RECORDED DATA =>
━━━━━━━━━━━━━━━━━━━━━━━━━━━━━━

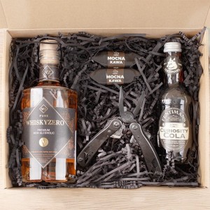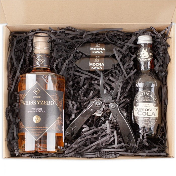 - W skład tego luksusowego zestawu wchodzi Whisky Zero Premium, którą można degustować w wyjątkowy sposób, bez obawy o alkohol, co stanowi doskonałą alternatywę dla tradycyjnej whisky. Multitool w kombinerkach z ukrytymi funkcjami, to praktyczny i wszechstronny gadżet, który przyda się w wielu sytuacjach. Posiada wiele ukrytych narzędzi i może być nieoceniony w codziennym życiu. Krówki rzemieślnicze nadają całości smakowitego akcentu i są wyjątkowo pyszne. Napój typu cola z naturalnych składników gwarantuje oryginalny smak i wysoką jakość. Wszystko jest w eleganckim pudełku.
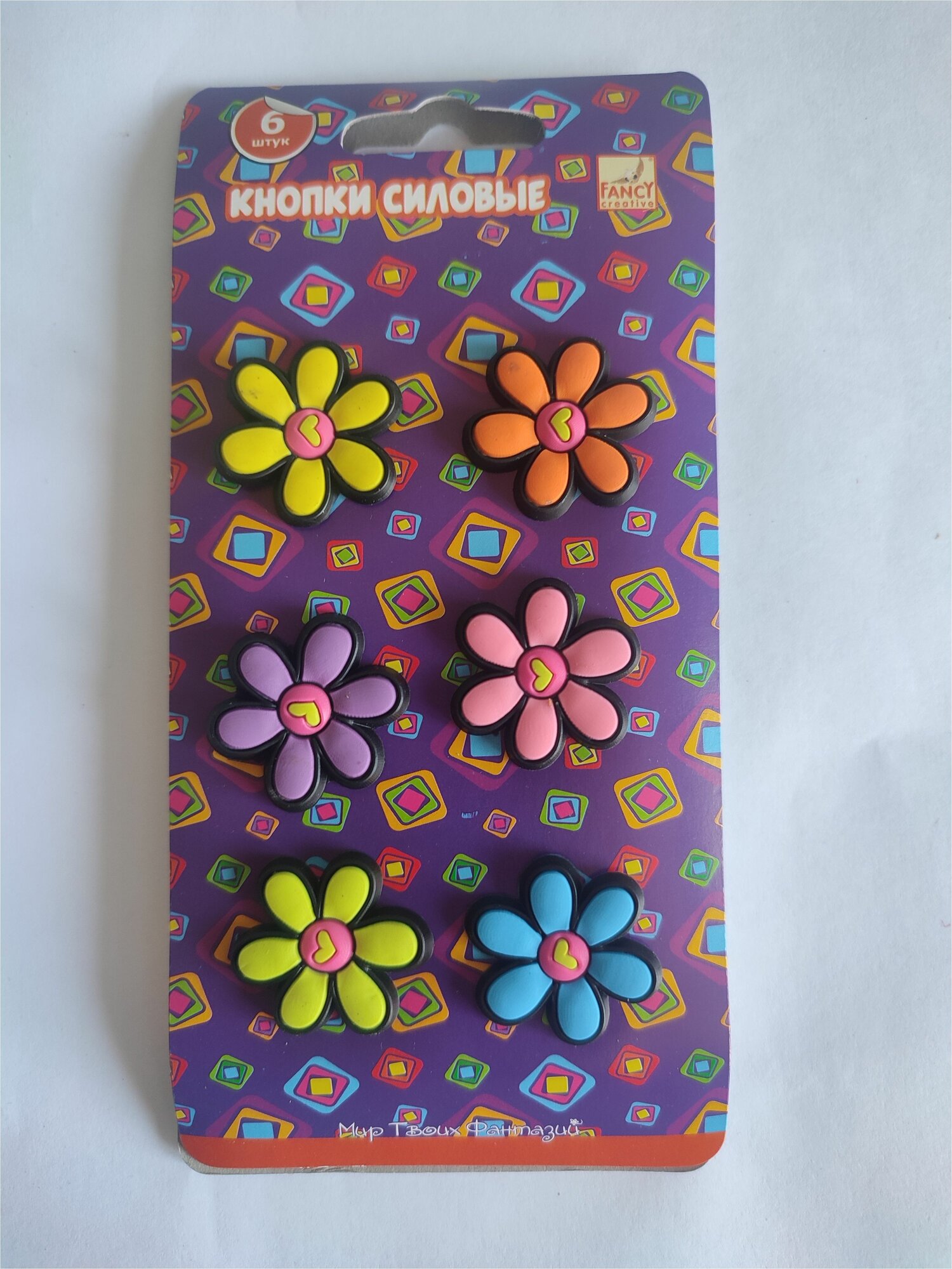 Кнопки силовые канцелярские 6 шт, 10 мм, для детского творчества - цветы Маргаритки. Fancy Creative интересное:
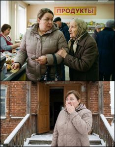 Elena, kao i svaka druga žena, bila je zauzeta obavljanjem svojih svakodnevnih obaveza. Tokom hladnog zimskog dana, našla se u maloj trgovini, okružena ostalim kupcima koji su nervozno čekali u redu. Pred njom, starija žena pokušavala je izbrojiti sitniš iz izlizane torbice. Njene kupovine su bile skromne – nekoliko osnovnih namirnica koje su odražavale jednostavne životne potrebe. Međutim, svi su mogli primijetiti da joj nedostaje novca za kupovinu. Dok su neki kupci pokazivali nestrpljenje i nerazumijevanje, Elena je osjetila unutrašnju potrebu da joj pomogne. Ovaj trenutak sa strankom u trgovini postao je ključan za njen unutrašnji razvoj, ali ona to u tom trenutku nije mogla ni naslutiti.
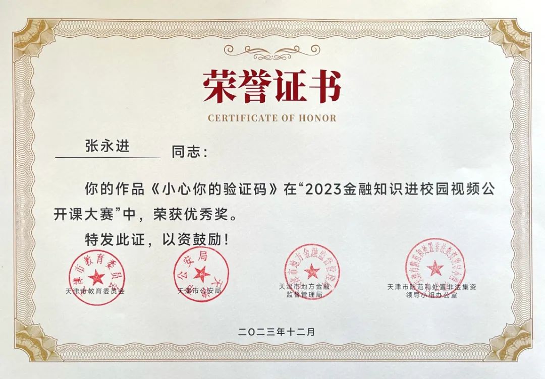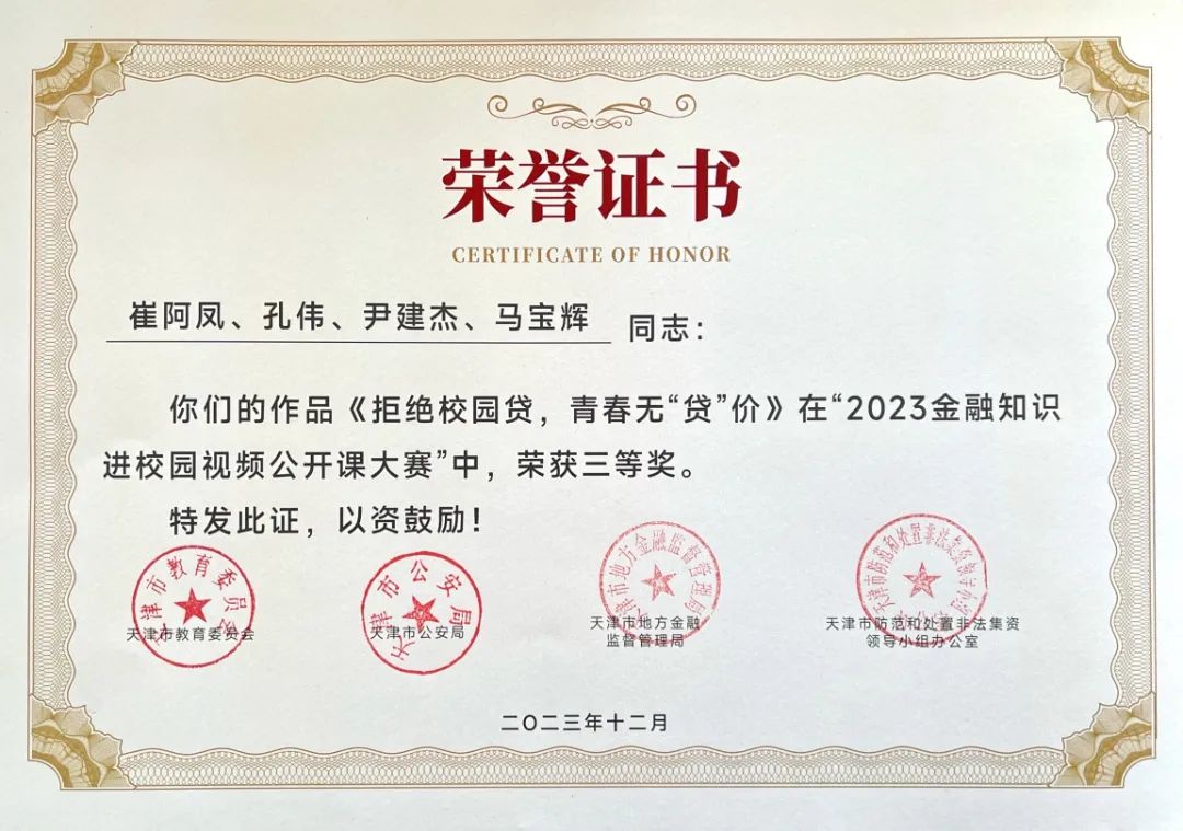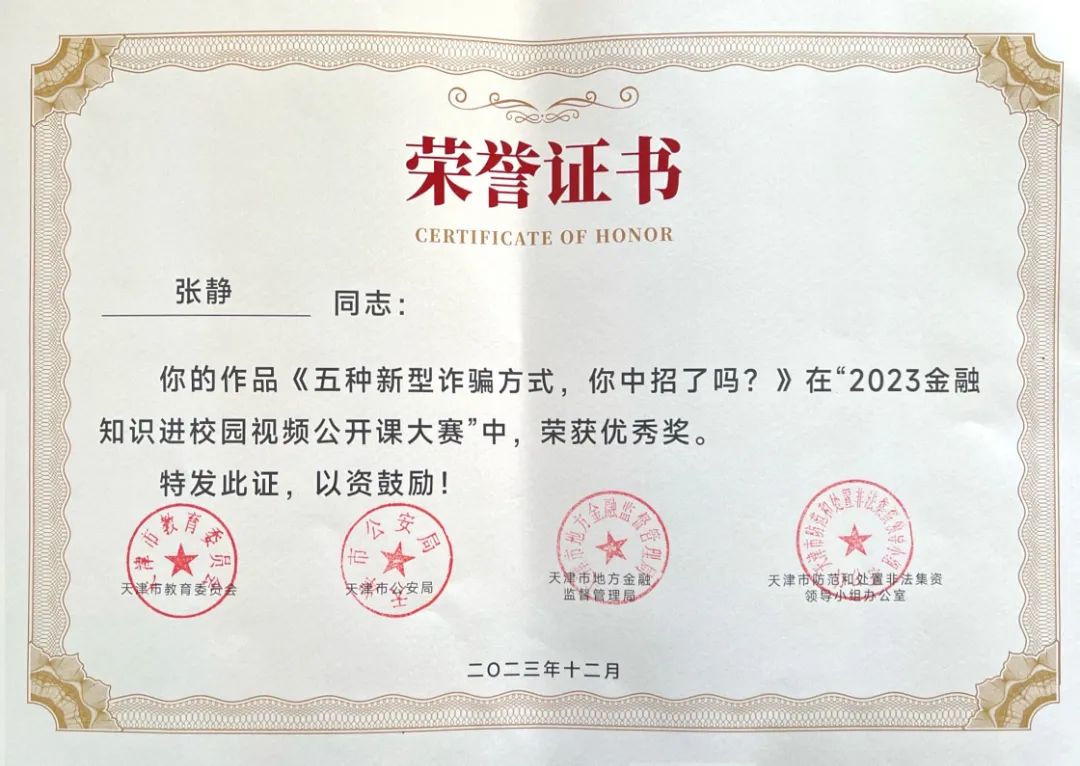 近日,市教育两委公布了2023年天津市教育系统国家安全重点课题调研获奖结果和天津市2023年金融知识进校园视频公开课大赛获奖结果。beat3651项课题,5幅作品纷纷获奖,学校被评为2023年金融知识进校园视频公开课大赛优秀组织单位。

━━━━━━━━━━━━━━━━━━━━━━━━━━━━━━

WHAT IS BEING ASKED =>
In the material above, which lines fall between the one holding "Кнопки силовые канцелярские" and the one holding "Elena, kao i", inclusive? Print exactly those, with the pictures left out.

RESULT OF THE TASK =>
 Кнопки силовые канцелярские 6 шт, 10 мм, для детского творчества - цветы Маргаритки. Fancy Creative интересное:
 Elena, kao i svaka druga žena, bila je zauzeta obavljanjem svojih svakodnevnih obaveza. Tokom hladnog zimskog dana, našla se u maloj trgovini, okružena ostalim kupcima koji su nervozno čekali u redu. Pred njom, starija žena pokušavala je izbrojiti sitniš iz izlizane torbice. Njene kupovine su bile skromne – nekoliko osnovnih namirnica koje su odražavale jednostavne životne potrebe. Međutim, svi su mogli primijetiti da joj nedostaje novca za kupovinu. Dok su neki kupci pokazivali nestrpljenje i nerazumijevanje, Elena je osjetila unutrašnju potrebu da joj pomogne. Ovaj trenutak sa strankom u trgovini postao je ključan za njen unutrašnji razvoj, ali ona to u tom trenutku nije mogla ni naslutiti.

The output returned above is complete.